One final point: We are not going to stop talking about this. We are going to talk about this until it is repealed. We are going to talk about this when the rates go up for your electricity. We are going to talk about this when kids are thrown off their nutritional assistance. We are going to talk about this when rural hospitals close. We are going to talk about this when your insurance coverage rates go up.

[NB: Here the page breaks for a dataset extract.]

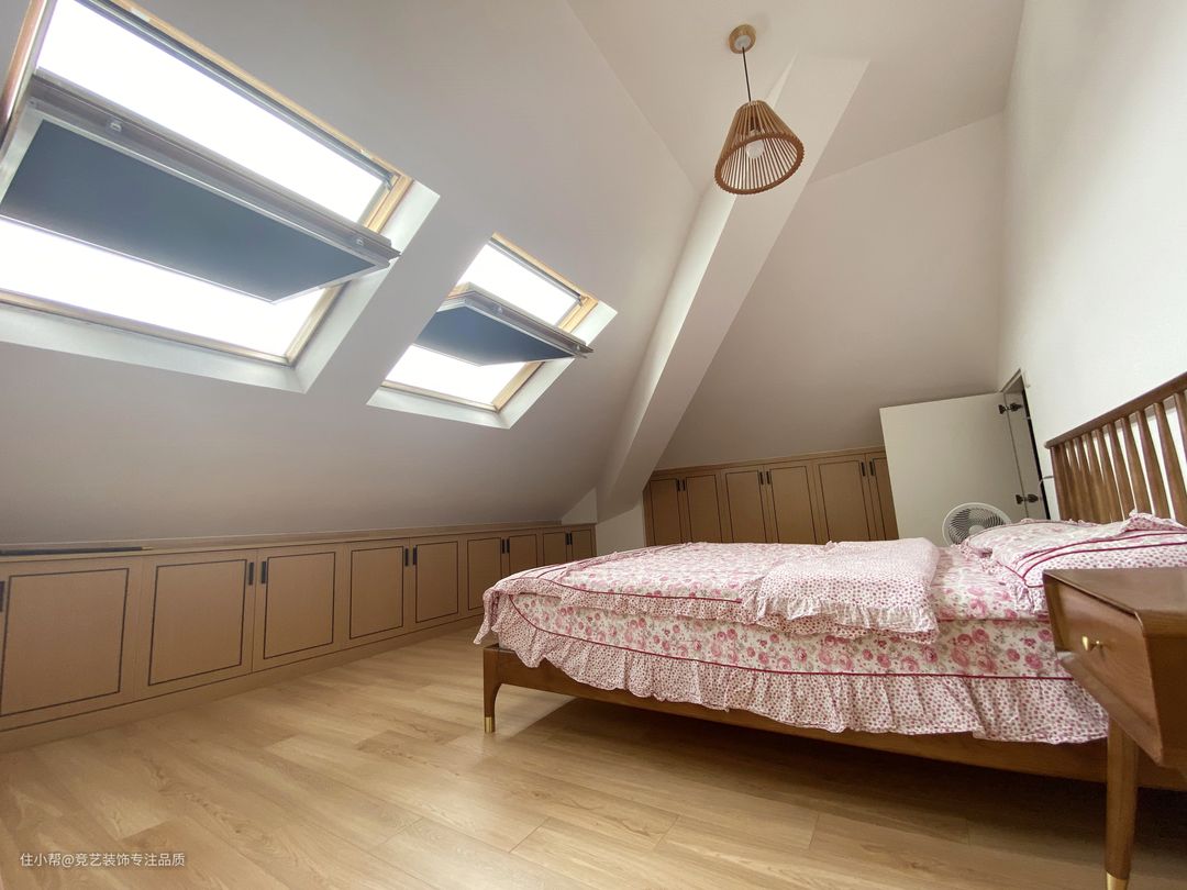 阁楼上的小房间层高很低,但是房间里有两个窗户也不会显得压抑,也是很好的观赏夜景的最佳位置,天气好的时候还可以在这里看到星星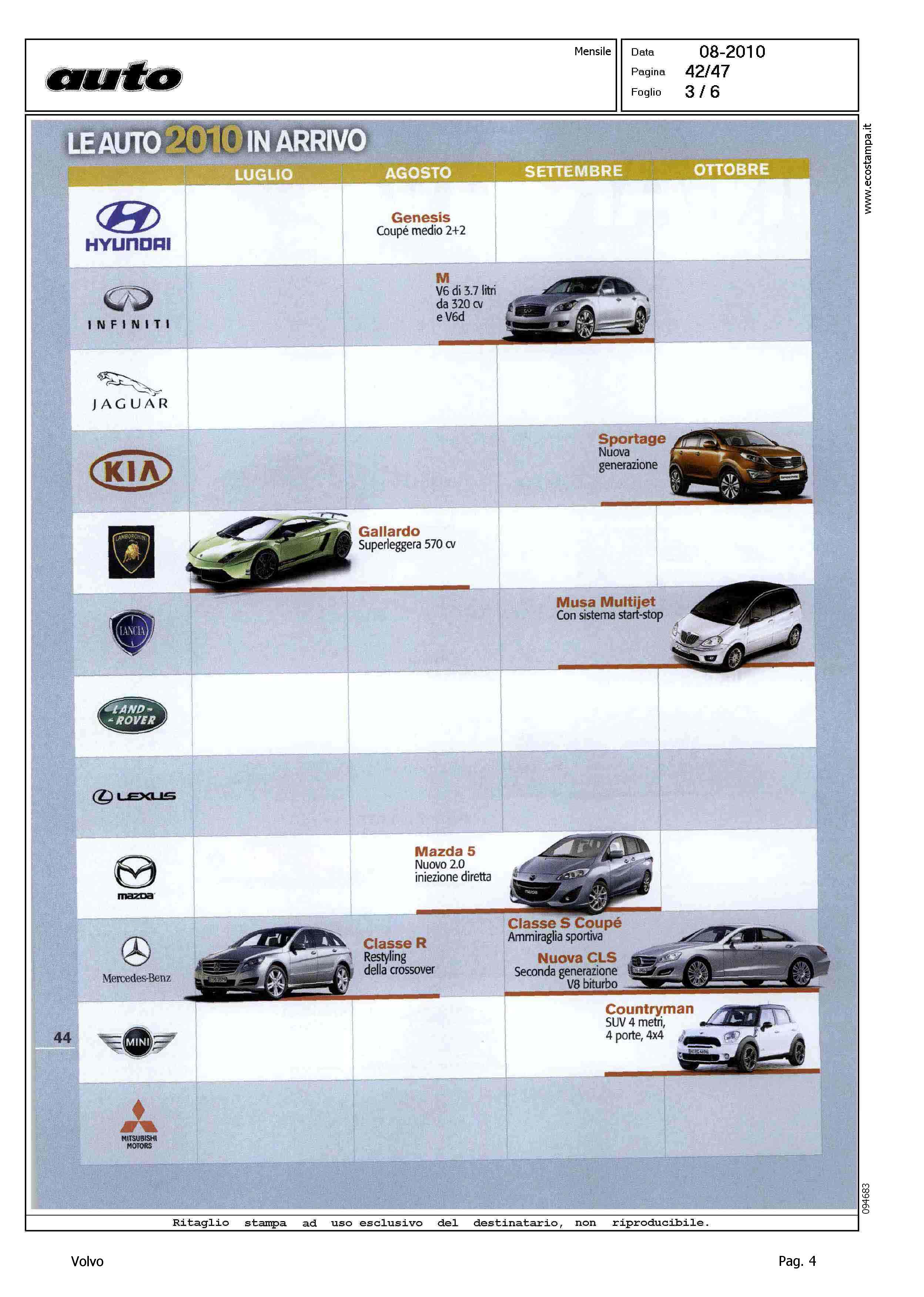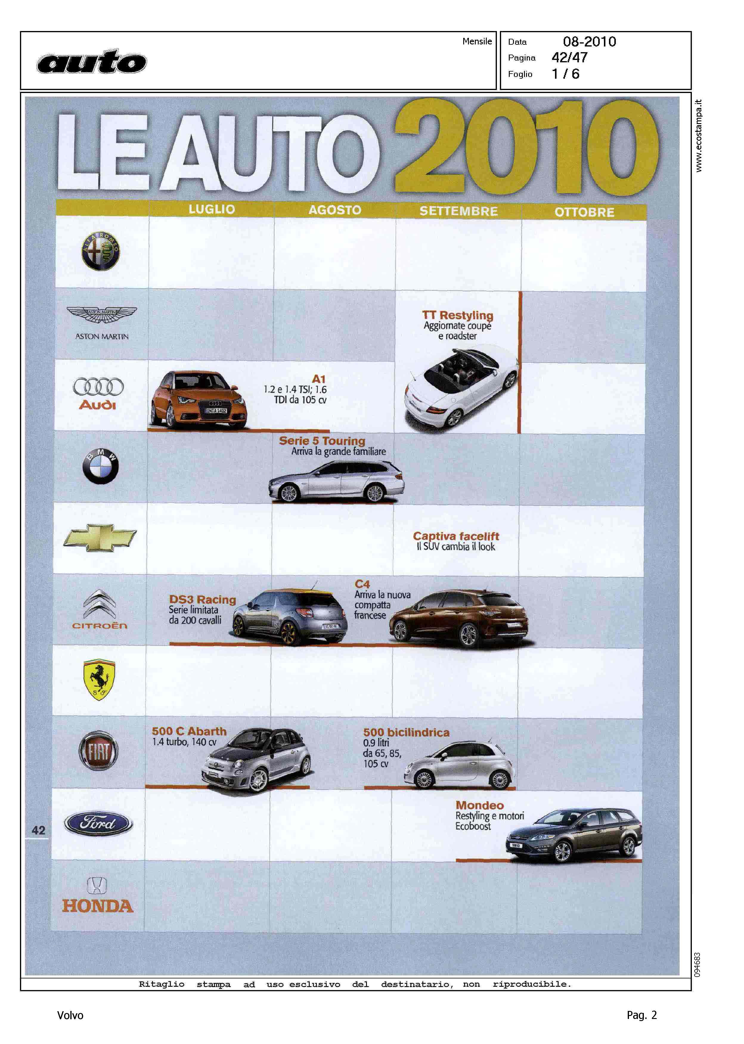 Author: Line: Corporate Model: Corporate Subject: - Title: LE AUTO 2010Highlight: CALENDARIO NOVITA'

We are not going to stop talking about this because this document which was enacted into law is a perfect encapsulation of the difference between the political parties. My party is flawed--obviously, my party is flawed--but I have never seen my party propose a bill that transferred so much money from the poor to the rich, and I have never seen my party propose a bill that raises the price of electricity, that raises the price of food, and that raises the price of healthcare. So we are going to talk about this today, tomorrow, and for the next 18 months until this thing is repealed from the Federal lawbooks.